Stored items from a collection
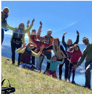
Adams Creek Cohousing Hood River, OR
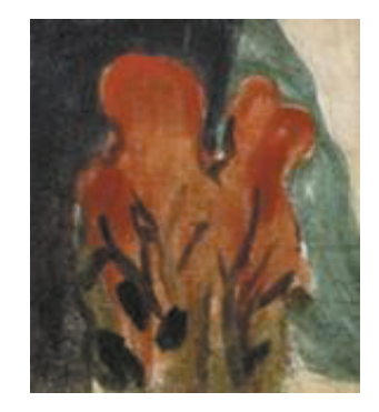
Fig. 2.2. Fragment of the painting "Melancholy"

The artistic sign of the generalized silhouette of male and female figures is presented in the foreground of the painting, covering the character's leg (Fig. 2.2). This
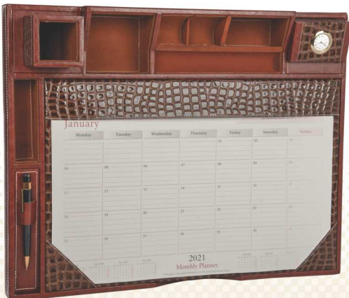
Product No. Table Planner Big Spl. with Box
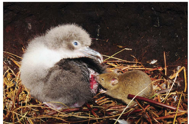
Fig. 4. This great shearwater chick (here 10 days old) died 3.3 days after first being attacked by a mouse.

The chicks hatched in the remaining six filmed nests and were left alone after 3.9 \pm 0.6 days (range 3.1–4.5 days). One chick was wounded on the lower rump by a single
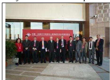
Tianjin Commerce Commission with delegation

Commerce Commission of Tianjin Municipal Government and AITA & Associates hosted "Tianjin,China and Australia (Aisa Pacific) Economy and Trade project forum" to promote government, commercial and trade associations cooperation in all aspects, to achive in"walk to international, welcome our guests" Minister of Commerce Commission of Tianjin Government and leader of delegation addressed to the forum. More than 30 companies from Tianjin export, mining, fiances, education, real estate, manufacturing and public infastruction attened forum. Please find more at: http://www.aita.com.cn/ArticleShow.asp?ID=1226&Language=2
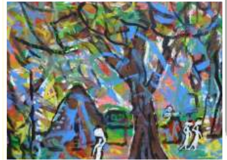
Arie Smitt, The Old Temple, The Old Trees, 50 x 60 cm, Acrylic On Canvas, 2010
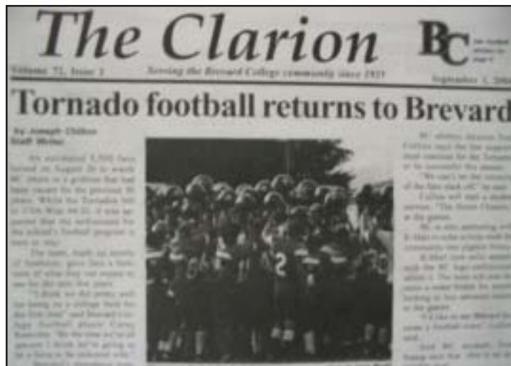
The Clarion reported on the return of football to Brevard College in the fall 2006 semester
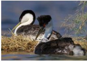
Grebe Feeding Fish to Young
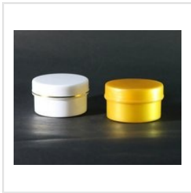
50 Gm Body Shape Jar
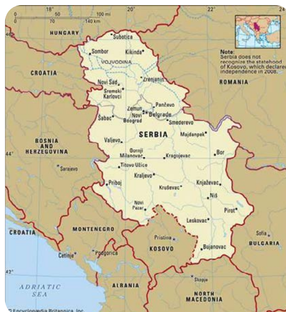
Serbia Map, Encyclopedia Britannica, Inc.
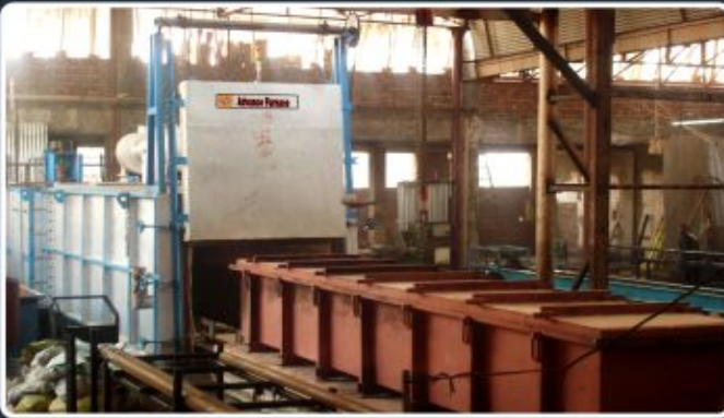
Heavy Structure Stress Relieving furnace
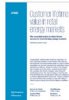
Customer lifetime value in retail energy Markets
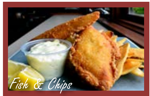
Fish & Chips

All sandwiches and entrees come with our fries otherwise you can substitute for onion rings 2, side salad 3, cheeseballs, jalapeño poppers, or mushrooms 5
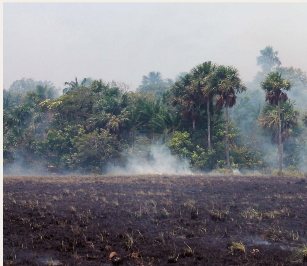
Wildfires are becoming more frequent in the Orinoquía region of Colombia.

A third function is direct action. Scientists for XR groups have been involved in a number of XR events. For example, at the 2021 opening of a London Science Museum exhibition sponsored by oil and gas company Shell, some scientists locked themselves to parts of the exhibition in protest against the sponsorship, while our group set up a table outside to demonstrate principles of atmospheric cooling and engage with the public. Such events serve to highlight the issue of science museums accepting sponsorship from fossil-fuel companies.
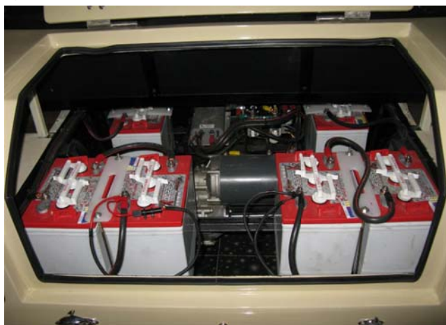
“Sparky” carries 8 batteries (~1000 amp hrs of power); 2 batteries in front, 2 midships, 4 in the rear.
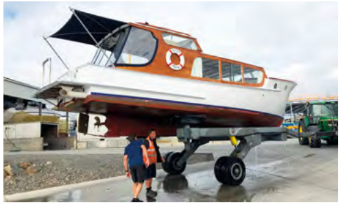
Tamaki Marine Park has two haul-out trailers ready to haul your boat out of the water.

Boat owners are welcome to drop their boats off at their convenience. Boat owners can even take advantage of a free drop off berth on a Sunday night or the day before haul-out, dropping their boat off ready to be hauled out

ABOUT THIS TASK:
All of the lines above should be copied exactly, apart from the pictures.

FINISHED EXERCISE:
Adams Creek Cohousing Hood River, OR
Fig. 2.2. Fragment of the painting "Melancholy"

The artistic sign of the generalized silhouette of male and female figures is presented in the foreground of the painting, covering the character's leg (Fig. 2.2). This
Product No. Table Planner Big Spl. with Box
Fig. 4. This great shearwater chick (here 10 days old) died 3.3 days after first being attacked by a mouse.

The chicks hatched in the remaining six filmed nests and were left alone after 3.9 \pm 0.6 days (range 3.1–4.5 days). One chick was wounded on the lower rump by a single
Tianjin Commerce Commission with delegation

Commerce Commission of Tianjin Municipal Government and AITA & Associates hosted "Tianjin,China and Australia (Aisa Pacific) Economy and Trade project forum" to promote government, commercial and trade associations cooperation in all aspects, to achive in"walk to international, welcome our guests" Minister of Commerce Commission of Tianjin Government and leader of delegation addressed to the forum. More than 30 companies from Tianjin export, mining, fiances, education, real estate, manufacturing and public infastruction attened forum. Please find more at: http://www.aita.com.cn/ArticleShow.asp?ID=1226&Language=2
Arie Smitt, The Old Temple, The Old Trees, 50 x 60 cm, Acrylic On Canvas, 2010
The Clarion reported on the return of football to Brevard College in the fall 2006 semester
Grebe Feeding Fish to Young
50 Gm Body Shape Jar
Serbia Map, Encyclopedia Britannica, Inc.
Heavy Structure Stress Relieving furnace
Customer lifetime value in retail energy Markets
Fish & Chips

All sandwiches and entrees come with our fries otherwise you can substitute for onion rings 2, side salad 3, cheeseballs, jalapeño poppers, or mushrooms 5
Wildfires are becoming more frequent in the Orinoquía region of Colombia.

A third function is direct action. Scientists for XR groups have been involved in a number of XR events. For example, at the 2021 opening of a London Science Museum exhibition sponsored by oil and gas company Shell, some scientists locked themselves to parts of the exhibition in protest against the sponsorship, while our group set up a table outside to demonstrate principles of atmospheric cooling and engage with the public. Such events serve to highlight the issue of science museums accepting sponsorship from fossil-fuel companies.
“Sparky” carries 8 batteries (~1000 amp hrs of power); 2 batteries in front, 2 midships, 4 in the rear.
Tamaki Marine Park has two haul-out trailers ready to haul your boat out of the water.

Boat owners are welcome to drop their boats off at their convenience. Boat owners can even take advantage of a free drop off berth on a Sunday night or the day before haul-out, dropping their boat off ready to be hauled out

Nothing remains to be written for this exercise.